# Model Complexity Tuning

In this notebook, we'll learn how to tune the complexity of machine learning models to improve their performance. Fine-tuning model parameters helps us find the best balance between underfitting and overfitting.

## 🚀 Hands-on: Model Complexity Tuning

Let's get our hands dirty with real model tuning! The following diagram illustrates how changing model complexity impacts performance.

![Interactive dashboard showing model complexity adjustment with real-time performance metrics](images/model_tuning.png)

_"Time to get your hands dirty with real model tuning!"_

## 🎛️ Key Complexity Parameters

Different models have parameters that control their complexity. Adjusting these helps us find the best model for our data.

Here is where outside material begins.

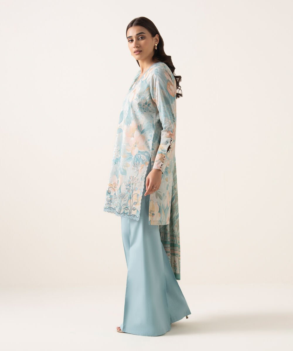 Lawn Embroidered Blue 3 Piece Suit
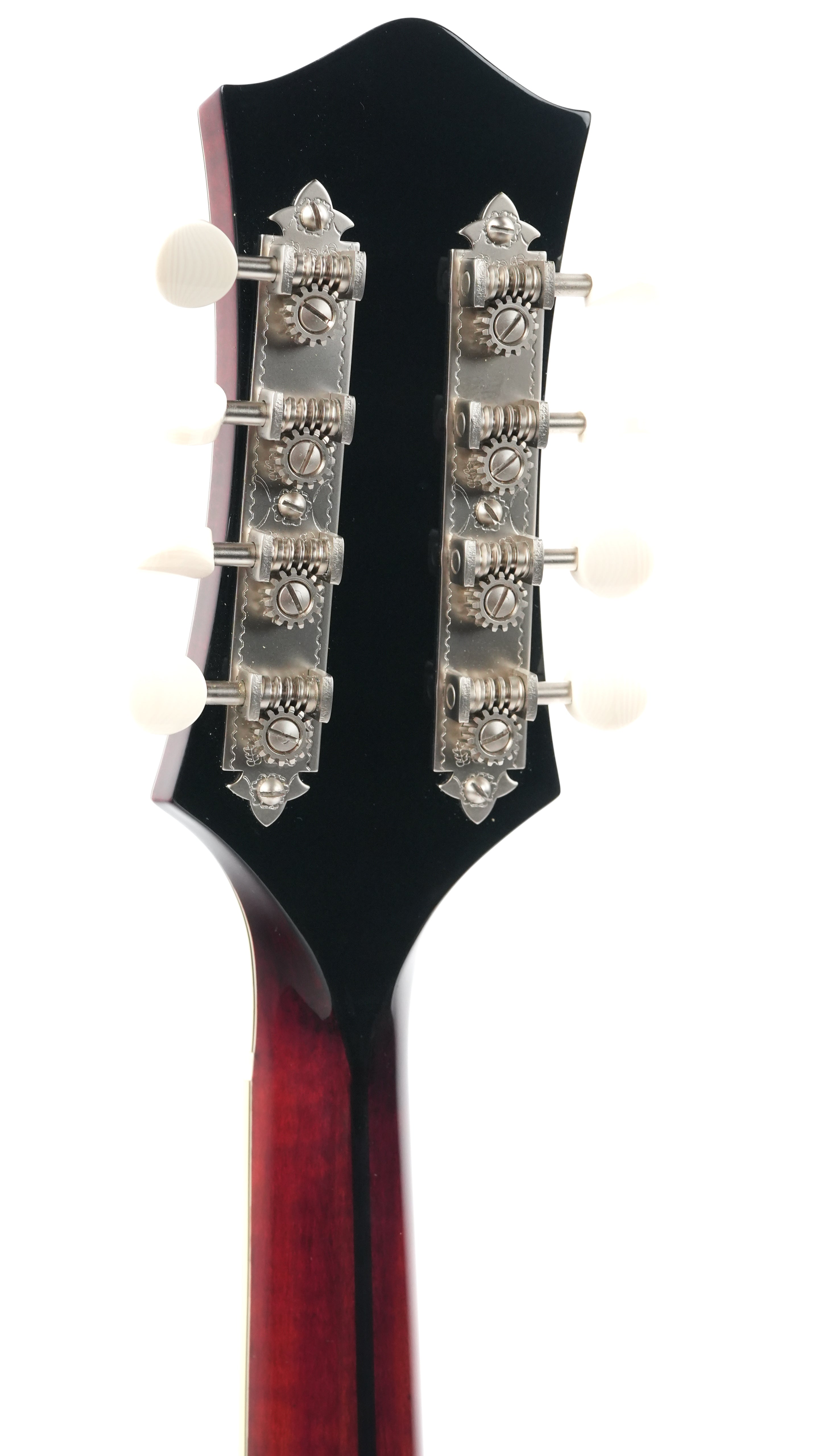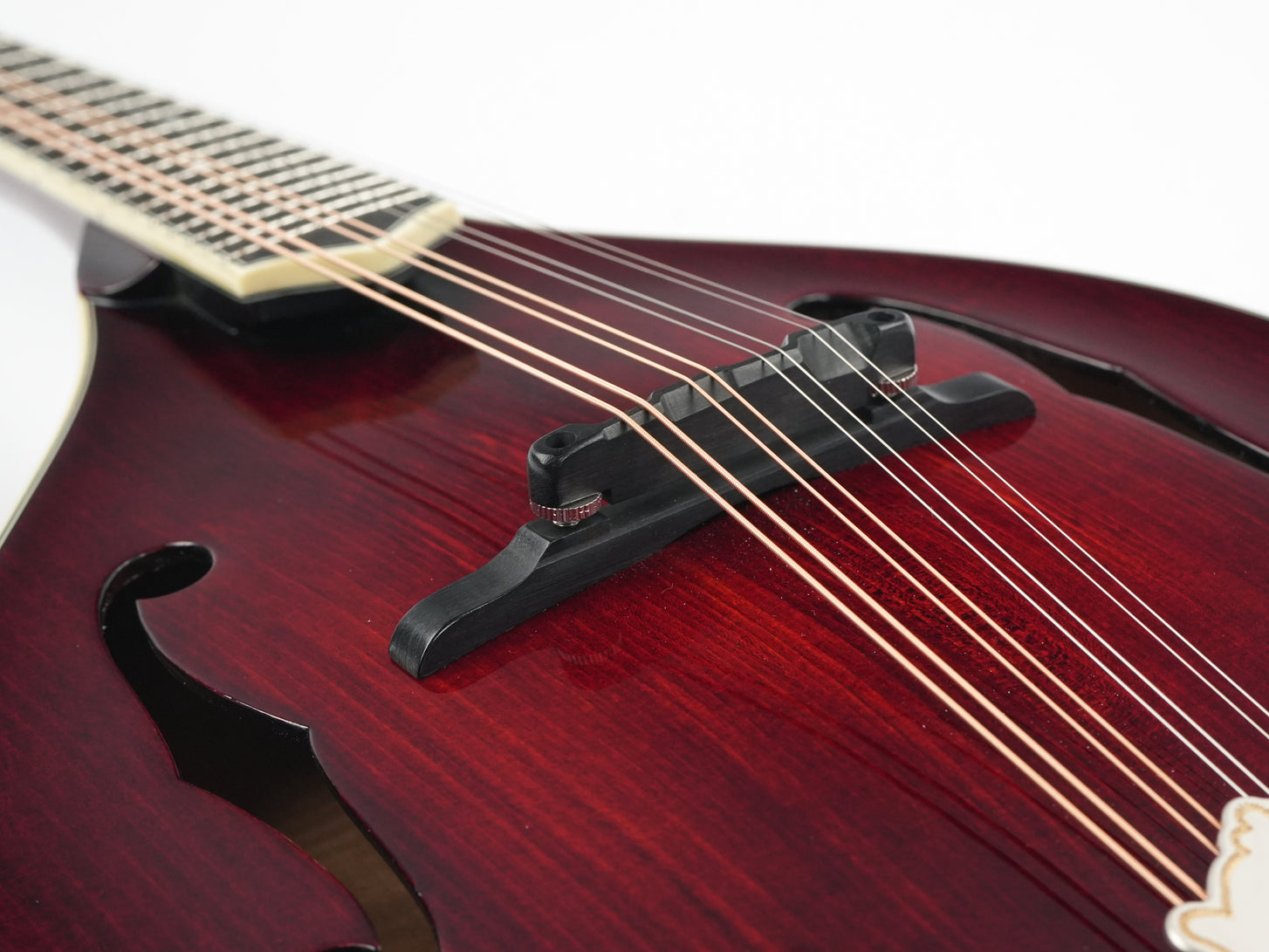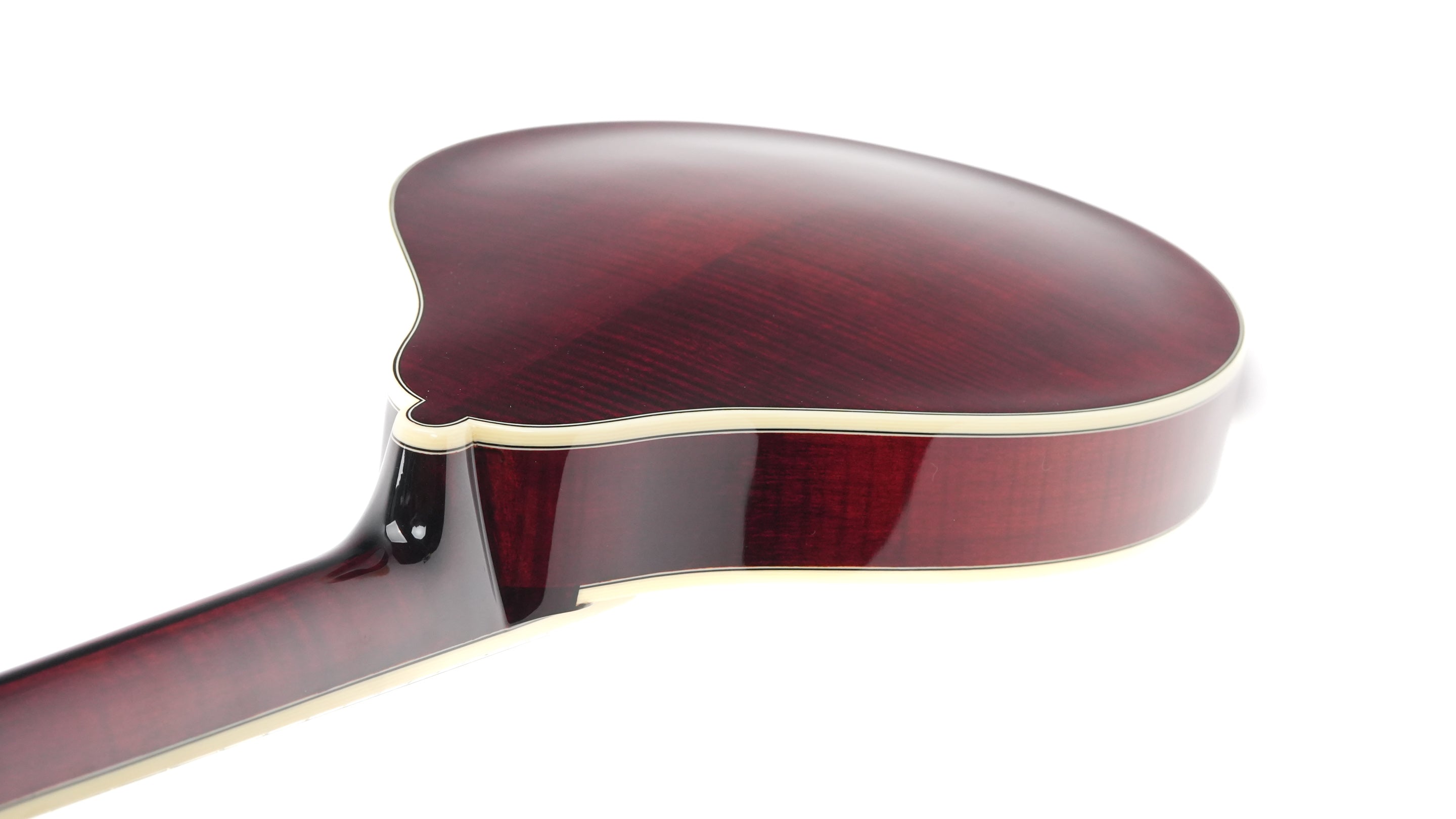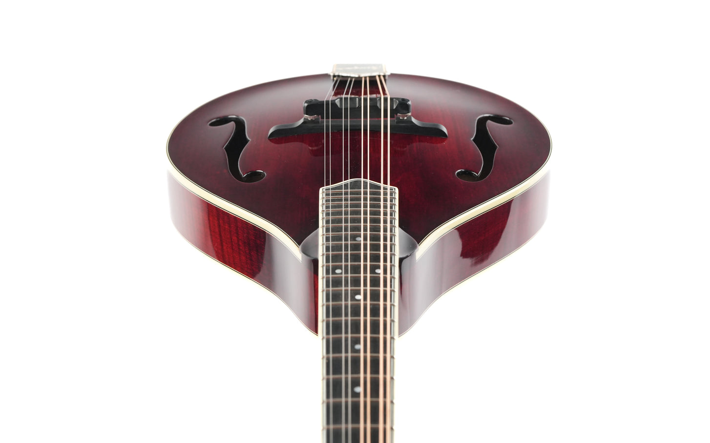 The finish is a beautiful deep Cordovan Red, and the stylish matte Bill James tailpiece adds some extra flair to the mandolin, which is further adorned with ivoroid binding. Flamed Aged Tone European maple was chosen for the neck, and together with the ebony fingerboard, it offers delightful playing comfort.

- **Decision Trees:** `max_depth`, `min_samples_split`
- **Random Forest:** `n_estimators`, `max_depth`
- **KNN:** `n_neighbors`
- **Neural Networks:** `hidden_layer_sizes`, `alpha`

## 📊 Systematic Tuning Strategy

To find the best model complexity:
1. **Start Simple:** Use low complexity parameters.
2. **Gradually Increase:** Increase complexity step by step.
3. **Monitor Both:** Track training and validation performance.
4. **Find Sweet Spot:** Look for the point where the model performs best on validation data.

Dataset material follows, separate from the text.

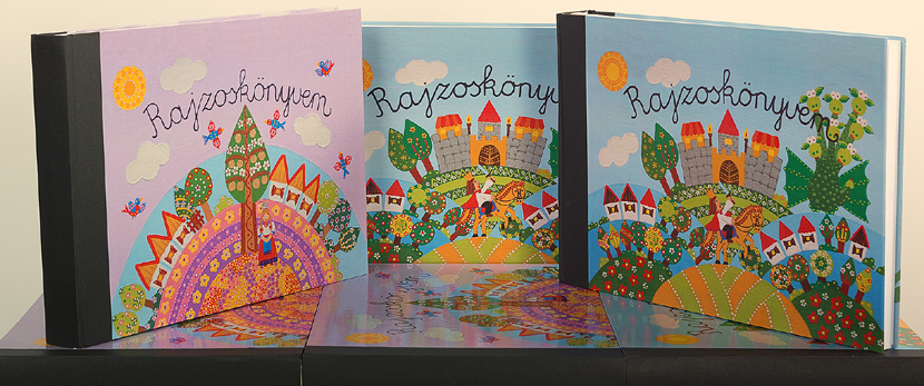 kézműves album akár 100 gyerekrajz részére extra nagy méret az A/4-es rajzoknak kétféle egyedi grafika a borítón Pleszkán Orsitól egyszerűen applikálhatók bele a meglévő rajzok gondos kézi kötészet,fólia csomagolás

## 💻 Interactive Complexity Tuning

Let's see how changing the `max_depth` of a decision tree affects its performance using validation curves.

In [None]:
import numpy as np
import matplotlib.pyplot as plt
from sklearn.tree import DecisionTreeRegressor
from sklearn.model_selection import validation_curve

# Create a regression dataset for demonstration
from sklearn.datasets import make_regression
X, y = make_regression(n_samples=200, n_features=1, noise=0.1, random_state=42)

# Generate range of max_depth values
param_range = np.arange(1, 21)

# Calculate training and validation scores for each max_depth
train_scores, val_scores = validation_curve(
    DecisionTreeRegressor(random_state=42),
    X, y,
    param_name='max_depth',
    param_range=param_range,
    cv=5,
    scoring='neg_mean_squared_error'
)

# Convert scores to positive errors
train_errors = -train_scores.mean(axis=1)
val_errors = -val_scores.mean(axis=1)

# Plot validation curve
plt.figure(figsize=(10, 6))
plt.plot(param_range, train_errors, 'b-', label='Training Error')
plt.plot(param_range, val_errors, 'r-', label='Validation Error')
plt.xlabel('Model Complexity (max_depth)')
plt.ylabel('Mean Squared Error')
plt.legend()
plt.title('Validation Curve: Finding Optimal Complexity')
plt.grid(True)
plt.show()

# Find optimal max_depth
optimal_depth = param_range[np.argmin(val_errors)]
print(f"Optimal max_depth: {optimal_depth}")

## 🎯 Key Insight

_"The best model complexity is found through systematic experimentation, not guesswork!"_